Saying goodbye
By M on Tuesday 2 September 2008, 20:05 - Journal - Permalink
When I arrived, dad was lying with his head turned to the room, breathing hoarsely, but continuously and fairly evenly. His eyes were half-open, but unblinking. Two of the staff had just finished tending to him and they told me that a morphine patch had been applied to his back. His head was very skull-like, due, no doubt, to the dehydration, since he is neither eating nor drinking much at all now. Later, as I was on my way out I stuck my head around the manager's door and she told me that when it gets to this stage, when food and drink cannot be administered normally, then it is usually less than forty-eight hours until people die. She had been surprised, she said, that dad was still alive this morning.
But before then, just after I arrived, I spent some time talking to Greg, who was clearly upset. I just reminded him that this was probably the time to say goodbye, and he said he had already spent some time doing that, talking to dad and going over some good memories, that he had now recalled. We talked about those times and I realised that the were indeed rather good. I used them later when I talked to dad alone too. Greg said that he would come back later in the day, after work, and left me alone with dad.
I sat next to the bed and said something like the following:
I brought mum over and she was content to sit next to the bed. She seemed to have a little glimmer of an idea of what was going on, but she didn't take dad's hand this time. She may have been a little upset at one moment, but I could have imagined it. it was nothing more than the momentaryl distress she often seems to feel for no apparent reason. It was rather like before.

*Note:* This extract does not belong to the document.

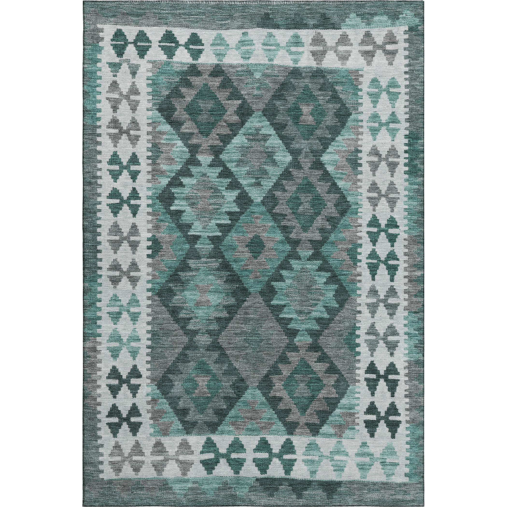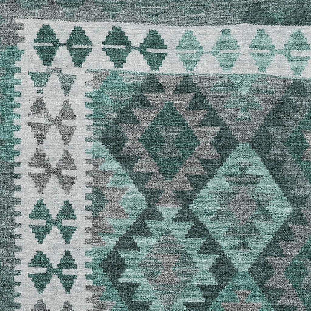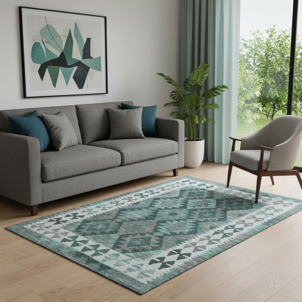 Add great coloration and comfortable texture to your space with this 5-foot x 8-foot pale aqua and ivory tribal washable area rug with uv protection. Ideal for spaces with kids and pets, this rug is stain resistant to help repel dirt and spilled liquids. Built to last, this rug crafted from polyester fibers is known for its durability and long lasting appeal. Rugs are a great way to showcase your style, hide imperfections, warm your home and reduce noise. This larger sized, transitional styled rug is ready to create a focal point or statement piece in your room. 60.00-inch h x 90.00-inch w x 0.39-inch d.

I reminded them that they had been married for 65 years, and that they had four children, who I named one by one. Mum didn't appear to follow what I was saying but she did follow that I was talking about her. I stood beside her with my hand on her shoulder as she sat slightly slumped in the chair. This may have been their last time together, so I took another photograph of them. After 10 minutes or so she moved to get up, so I helped her back to her area of the village and returned to see dad.Hello, dad. It's Mike, your son. We know you're not doing too well at the moment and we don't know how long you are going to be with us. We are all hoping the best for you, but it is probably a good idea to say some goodbyes now.
You did a good job. You gave us all a good life, and you kept a roof over mum's head for 60 years. You travelled all over the world, like you wanted to. We are all OK now, and mum is being looked after properly, so you have nothing to worry about.

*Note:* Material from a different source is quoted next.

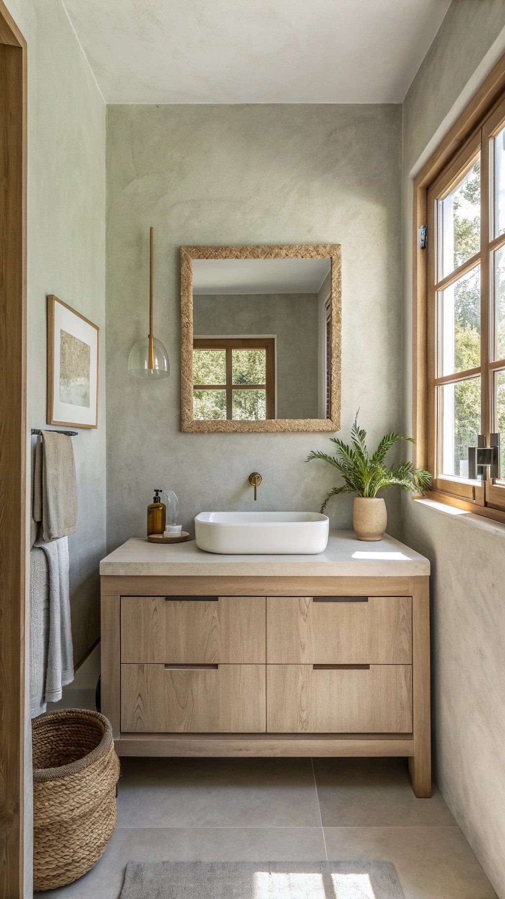 One pale hue from door to ceiling dissolves edges and makes a small bathroom read bigger. Use washable satin or microcement walls in warm white, mushroom, or pale sage.

I remember when we lived in South Africa and you bought that above-ground swimming pool for Greg and I. We loved that. And I remember the day you bought me a complete set of fishing tackle on my brithday. That was great. And we had those two dogs, Patch and Toby, and the siamese cat, Jason. You used to get home from work early, while it was till light, and Greg and I used to wait for your car to come around the corner, hiding in a big hole the builders had left behind. We had some good times while we were there, and a fantastic holiday driving around Rhodesia.

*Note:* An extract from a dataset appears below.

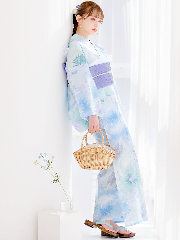 【即日発送】ブルーミントの水彩浴衣【浴衣3点セット 浴衣/帯/下駄】[YMT] [Y-9223-kj-BL-F-25PO]

So you've got every right to be happy with what you did. You helped all of us out in the times when we needed that, and we appreciate it. You've had a good run; you're 87, and you've outlived all your brothers, who were all younger than you. So, it looks like you're going now, dad. We don't want you to, but there isn't much we can do about it any more. We just have to accept that it is time. And we can all look after ourselves now, thanks to you.
We are all going to keep coming in to see you. Greg was here earlier, and Rachel will be over soon, too. Then Greg will come back this evening. And in a minute, I am going to go next door and bring mum in. You would like that, wouldn't you?
I reminded dad that we were all going to be coming in to see him, and that all he had to do was lie still and rest. It was approaching noon at that stage, the time at which Rachel said she would be arriving, so I left, so that she could have some time alone with dad too.
I didn't sleep much last night, so when I got back home at about 1 pm, I went straight to bed. It is now 8 pm, and I have just finished having dinner. Greg called twice this afternoon and told me how he'd found dad. It appears that he is gradually worsening.
I am about to make some sandwiches and fill my thermos flasks with coffee, grab a book for some light reading, and a notebook, and head back over to stay with dad tonight. I have the feeling that his time has come and he won't be here in the morning.